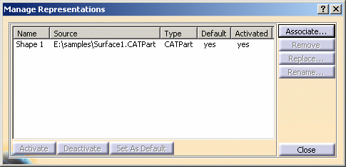 5. Select AnalysisSurface11.CATAnalysis in the Manage Representations dialog box and click the Activate button.
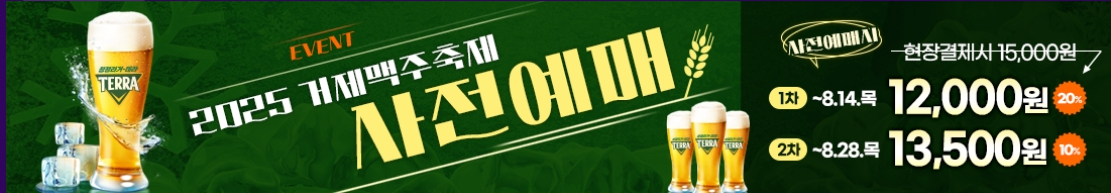 참고로 2025 거제맥주축제는 유료 축제로 사전예매 시 할인 혜택이 제공되니 이점 고려하여 미리 준비하세요.
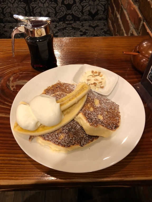 生地に入っているチーズのコクと塩気がバナナや生クリーム、メイプルシロップの甘みを引き立てていて個人的に今まで食べた中で一番好きなパンケーキです。

## [Task to carry out]
Only the pictures are dropped when you print the material; everything else is copied exactly.

## [Exercise output]
 5. Select AnalysisSurface11.CATAnalysis in the Manage Representations dialog box and click the Activate button.
 참고로 2025 거제맥주축제는 유료 축제로 사전예매 시 할인 혜택이 제공되니 이점 고려하여 미리 준비하세요.
 生地に入っているチーズのコクと塩気がバナナや生クリーム、メイプルシロップの甘みを引き立てていて個人的に今まで食べた中で一番好きなパンケーキです。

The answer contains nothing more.